Seguono, inevitabilmente, piatti in ceramica della propria cucina ricoperti di carta d’alluminio distribuiti di qua e di là, col suono di citofoni che riprendono vita all’arrivo e frasi di congedo che comprendono affermazioni tipo “‘pu ‘u piattu mu dà ‘ ccu calma” (poi il piatto me lo ridai, tra 1 anno – minimo. Ecco, con calma appunto).
Ed eccomi quindi a casa di Antonella, mia compaesana nata a Milano da genitori di Cetraro (il mio paese in provincia di Cosenza) che alle tradizioni ci tiene.
Qui, nella metropoli del fescion, del grattacieli che di allungarsi non smettono così come le speranze di tanti noi giovani emigrati, Antonella abita nel palazzo di fronte al mio, proprio quello che durante le giornate di quella famosa e intensa nebbia milanese manco si vede.

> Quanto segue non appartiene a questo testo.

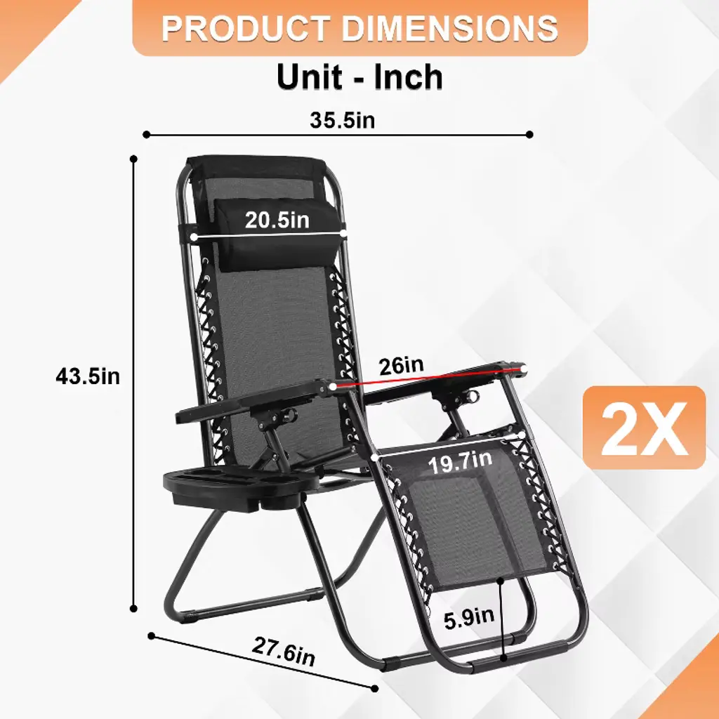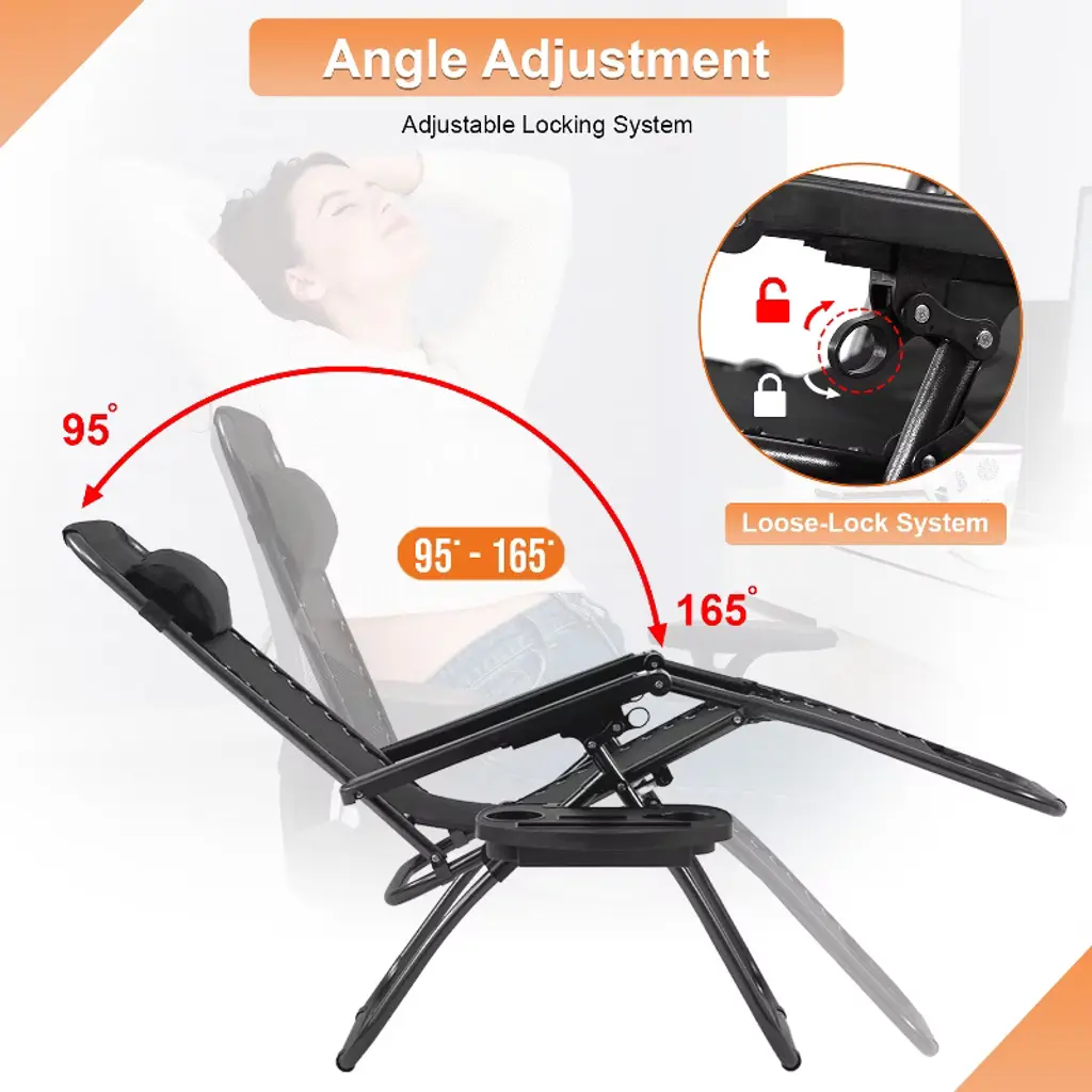 Bestmassage Zero Gravity Recliner Outdoor Adjustable Folding Recliner Set Of 2, Black
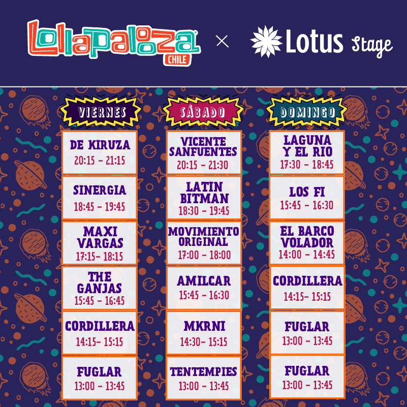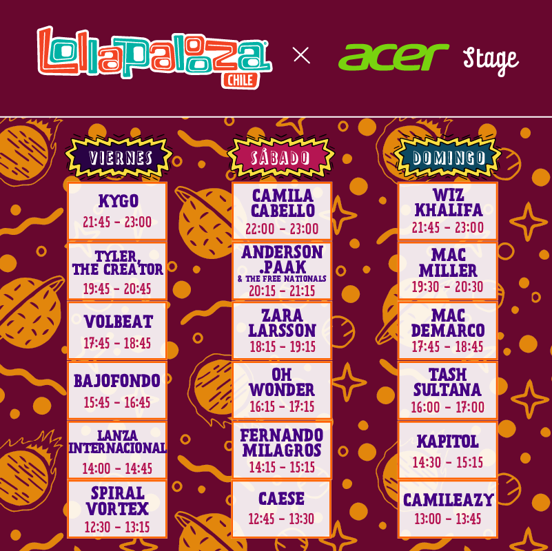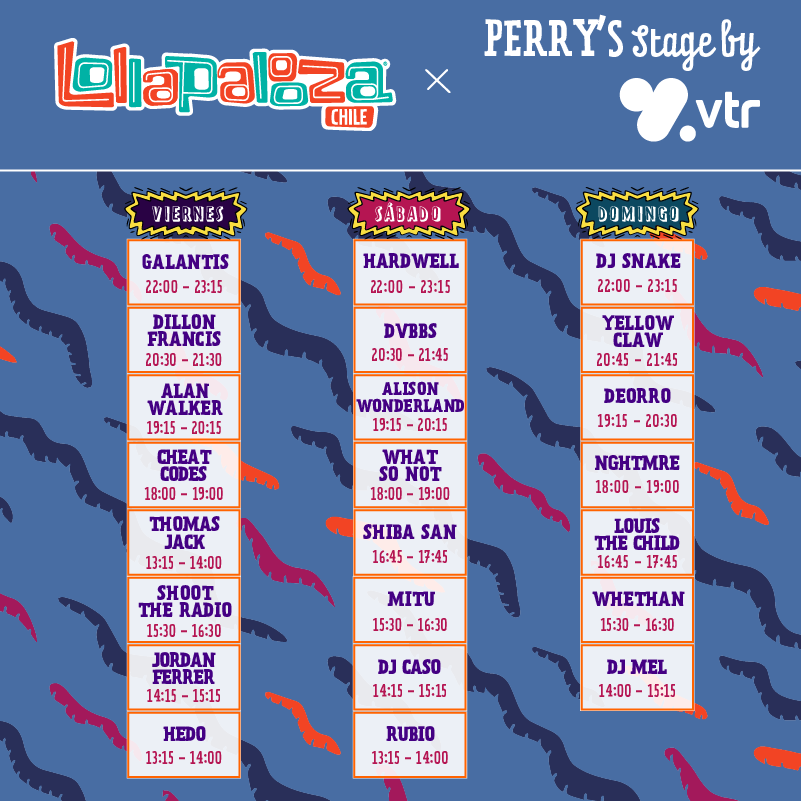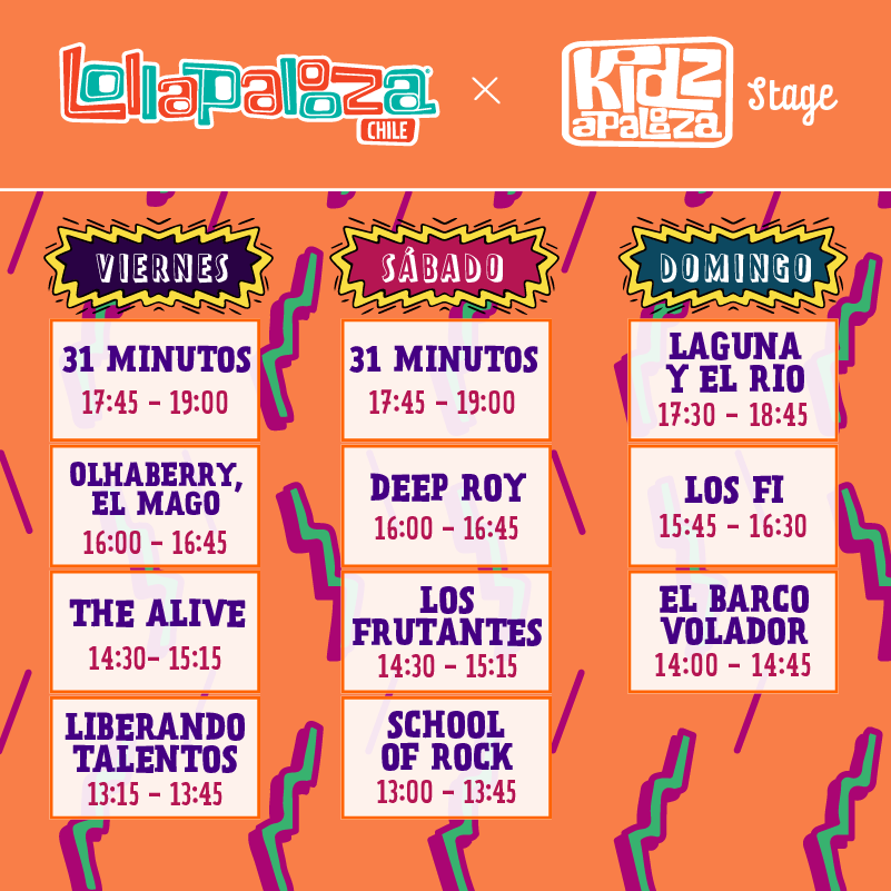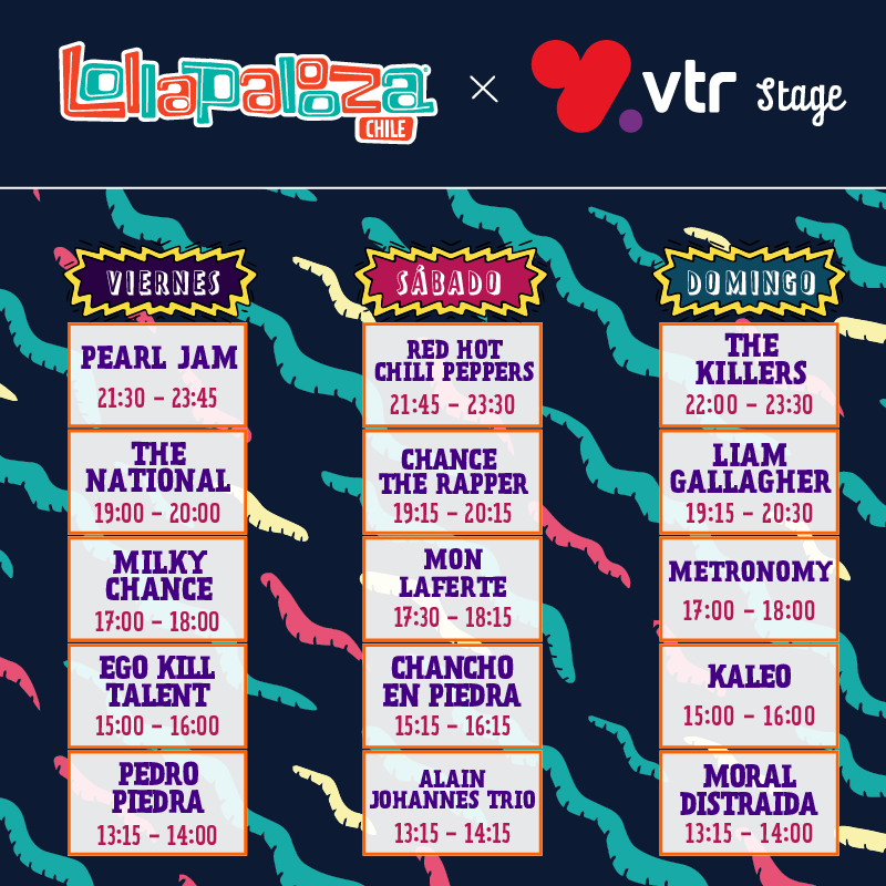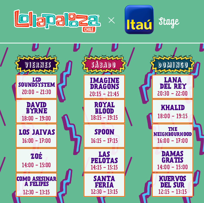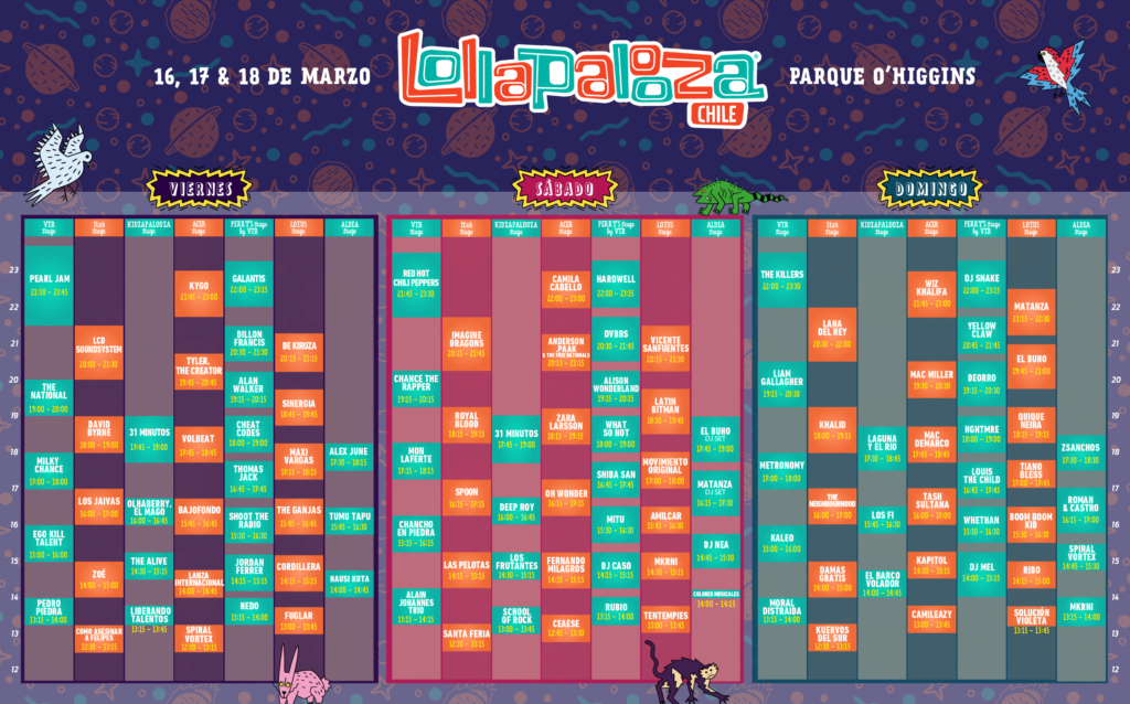 Finalmente, a lo que vinimos: los horarios de Lollapalooza Chile. Puedes revisar la malla de shows para los tres días a continuación, planificar tus tres intensas jornadas de festival, y quizás encontrarte con algunos de nosotros en el Parque O’Higgins (¡ups!). Te recordamos que las entradas siguen a la venta en Puntoticket, con precios que parten en los $112.000, hasta los $347.200.

E oggi quella nebbia ha deciso di essere presente.
È la Vigilia dell’Immacolata, giorno molto sentito in Calabria ed è per questo che sono andata a trovarla: dovevo assolutamente intingere la mia “penna da blog” in una fonte di ispirazione che sapevo di trovare tra le sue mani bianche di farina che impastano una ricetta antica.
Oltre alla mia macchina fotografica che poco le è utile, ho portato ad Antonella il mio “crivu”, antico utensile fatto a mano che ho ricevuto in regalo da Filomena (moglie di papà – per chi non ricordasse tutti i protagonisti del mio bloggghe); lo ha comprato al Santuario di San Francesco di Paola vicino Cetraro ed è uno strumento indispensabile per preparare i turdilli (se si vogliono fare come Dio comanda, altrimenti va bene anche una forchetta).
Turdìlli: la ricetta
A proposito di ingredienti, Antonella le dosi me le ha date, sarà che lei è una Impastatrice Senior di un’altra generazione e non vuole toglierci la speranza di poter preparare i turdìlli anche a noi stagisti di cucina calabrese: 1 kg farina, 500 gr di vino rosso (o vino bianco), 250 gr di olio d’oliva, 1 po’ di zucchero (eccolo il famoso QSP!), olio di semi per friggere, miele e/o miele di fichi per condire.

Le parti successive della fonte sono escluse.